7. Conventional methods of Western medicine treatment for varicocele

  Traditional Chinese medicine treatment of varicocele is through the regulation of the body's microcirculatory system and immune system with Chinese herbs, so that the body can recover and achieve self-healing, and repair function. In addition, with the coordination of attention to diet and rest, it can be cured.

  32. Venography can be taken to restore the smooth flow of blood in the veins, repair the damaged vascular wall, improve varicose veins, and gradually disperse the snake-like soft masses on the scrotum surface.

  31. For patients with kidney deficiency and liver depression, the treatment is mainly to regulate and tonify the liver, regulate Qi and treat blood.

  Prescription: Yishen Huoxue Prescription (Experience Prescription)

  Epimedium, Semen Prunus armeniaca, Cuscuta, Angelica Sinensis, Herba Epimedii, Safflower, Foeniculum vulgare, Evodia, Cynanchum wilfordii, Chuanxiong, Uncaria sinensis, Licorice.

  28. For patients with Qi deficiency and blood stasis, the treatment is mainly to invigorate Qi and promote blood circulation.

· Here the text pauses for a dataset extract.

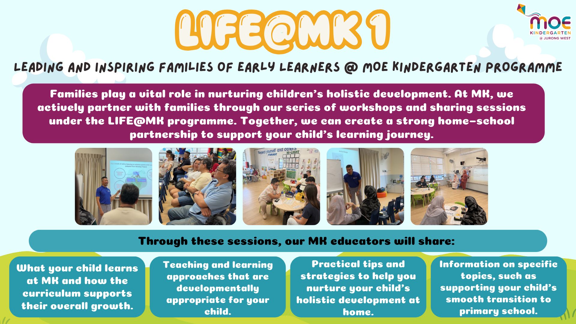 Families play an important role in nurturing childrenās holistic development. We routinely involve families in childrenās learning through our series of workshops and sharing sessions under the LIFE@MK programme.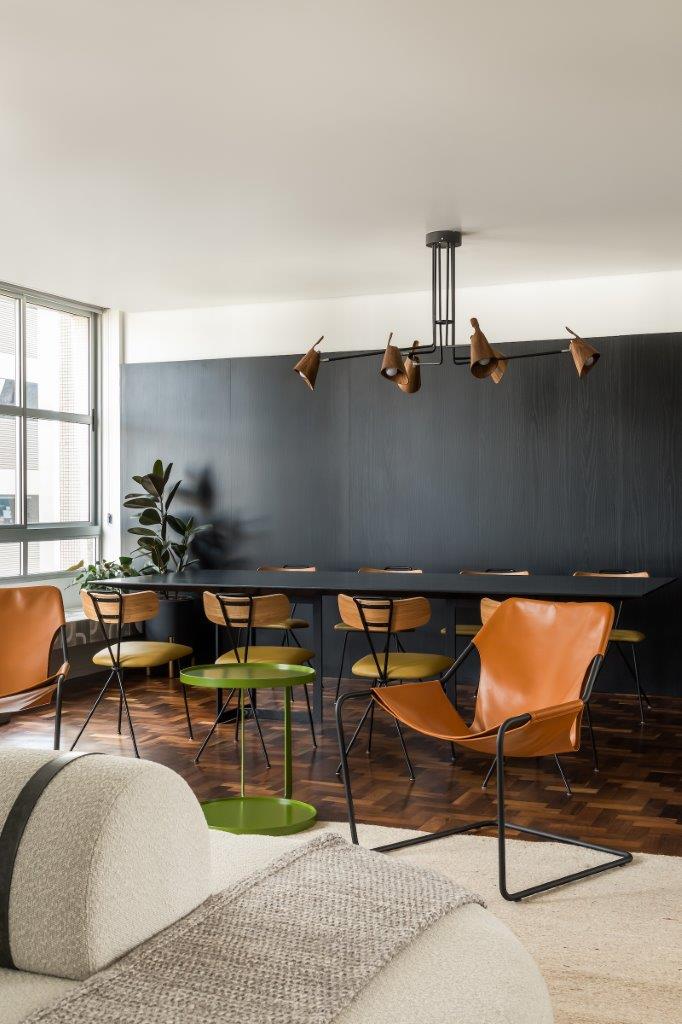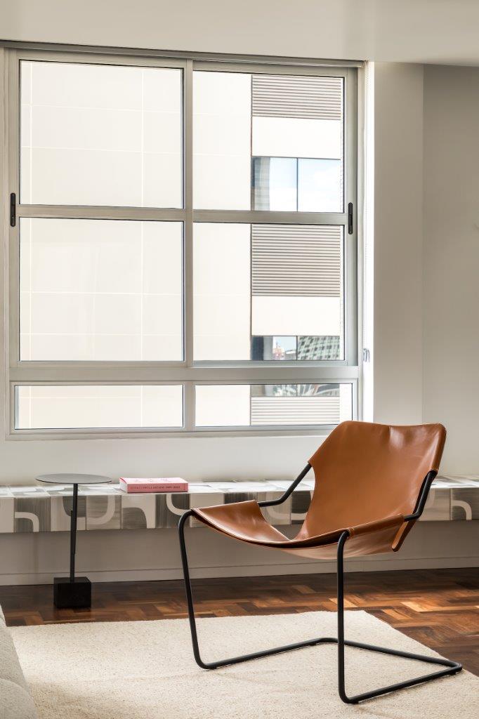 A paleta de cores neutra, aliada a mobiliários de design contemporâneo e moderno, como as Poltronas Paulistano, reforça a atemporalidade desejada para a residência. O resultado é um apartamento que celebra a história do edifício, mas também oferece um estilo de vida moderno e funcional.

  Prescription: Bu Zhong Yi Qi Soup (Weishen Lun) with modification.

  Astragalus, Codonopsis, Atractylodes, Coptis, Angelica Sinensis, Chuanxiong, Akebia, Salvia Miltiorrhiza, Semen Prunus armeniaca, Corydalis, Evodia, Licorice.

  25. For the syndrome of Qi stasis and blood stasis, the treatment is mainly to promote blood circulation and remove blood stasis, regulate Qi and relieve pain.

  Prescription: Fennel Tangerine Kernel Pill (Jisheng Fang) with modification.

  Fennel, Melia toosendan, Costus, Corydalis, Tangerine Kernel, Lychee Kernel, Chuanxiong, Su Mu, Salvia Miltiorrhiza.

  22. Promote blood circulation and remove blood stasis, regulate Qi and relieve pain, use Bupleurum 15 grams, Angelica Sinensis 15 grams, Chuanxiong 15 grams, Yujin 15 grams, Peach Kernel 10 grams, Salvia Miltiorrhiza 10 grams, Safflower 10 grams, Bupleurum 10 grams, Oyster 15 grams, Atractylodes 15 grams, Poria 20 grams, Corydalis 15 grams, Melia toosendan 15 grams, this medicine dosage is large and should not be used for a long time, there will be uncomfortable pain after use, stop after one dose, and can be used again after the body recovers its tolerance.